In very sparse graphs, only BTreeSet allows Ver1 to scale up.
C++
- std_set:
std::set
- hashset:
std::unordered_set
- ord_vec: ordered
std::vector (obviously, this can only work well on small graphs)
Results

C#
Results

How to run & test
Python 3
To obtain these results:
Perform:
cd python3
(once) python -m venv venv
venv\Scripts\activate.bat
(once or twice) pip install --upgrade black mypy ruff pytest hypothesis matplotlib
(if edited) black .
(if edited) ruff check . --exclude "venv*"
(if edited) mypy .
(if edited) pytest
python -O main.py
Rust
To obtain these results:
Perform:
cd rust
(once) cargo install cargo-edit
(sometimes) rustup update
(sometimes) cargo upgrade && cargo update
(if edited) cargo clippy --workspace
(if edited) cargo test --workspace
cargo run --release
Go
To obtain these results:
Perform:
cd go
(if edited) go fmt ./...
(if edited) go vet ./...
(if edited) go test ./...
(if edited) go test ./Stats -fuzz=Stats1 -fuzztime=1s
(if edited) go test ./Stats -fuzz=Stats2 -fuzztime=2s
(if edited) go test ./Stats -fuzz=StatsN -fuzztime=5s
(if edited) go test ./BronKerbosch -fuzz=DegeneracyOrder -fuzztime=20s
go run main.go
Optionally, on MSYS2:
PATH=$PATH:$PROGRAMFILES/go/bin
go test -race ./BronKerbosch
C#
To obtain these results:
Perform:
- open csharp\BronKerboschStudy.sln with Visual Studio 2026
- (if edited) set configuration to Debug
- (if edited) Test > Run > All Tests
- set configuration to Release
- Debug > Start Without Debugging
F#
To obtain these results:
Perform:
- open fsharp\BronKerbosch.slnx with Visual Studio 2026
- (if edited) set configuration to Debug
- (if edited) Test > Run > All Tests
- set configuration to Release
- Debug > Start Without Debugging
C++ 20
To obtain these results:
Perform:
- open cpp\BronKerboschStudy.sln with Visual Studio 2022
- (if edited) set configuration to Debug
- (if edited) Test > Run > All Tests
- set configuration to Release
- Debug > Start Without Debugging
Java
To obtain these results:
Perform:
- open folder java with IntelliJ IDEA 2025 (Community Edition)

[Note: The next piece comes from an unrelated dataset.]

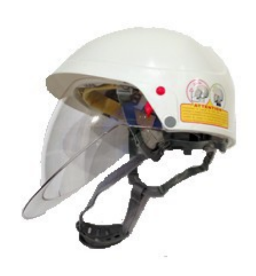
Full Face Visor Anti Flash Full Face Visor

Idra Full Face Helmet with Intergral Visor

- (if edited) set run configuration to “Test”
- (if edited) Run > Run ‘Test’
- set run configuration to “Main”
- Run > Run ‘Main’
Kotlin
To obtain these results:
Perform:
- open folder kotlin with IntelliJ IDEA 2025 (Community Edition)
- (if edited) set run configuration to “Test”
- (if edited) Run > Run ‘Test’
- set run configuration to “Main”
- Run > Run ‘Main’
Finally
Python publishes results to detail_* files automatically, the others need a push:
python ..\python3\publish.py rust 100 10k 1M
python ..\python3\publish.py go 100 10k 1M
python ..\python3\publish.py csharp 100 10k 1M
python ..\python3\publish.py cpp 100 10k 1M
python ..\python3\publish.py java 100 10k 1M
python ..\python3\publish.py kotlin 100 10k 1M
And finally, generate report images:
python ..\python3\publish.py
License
BSD License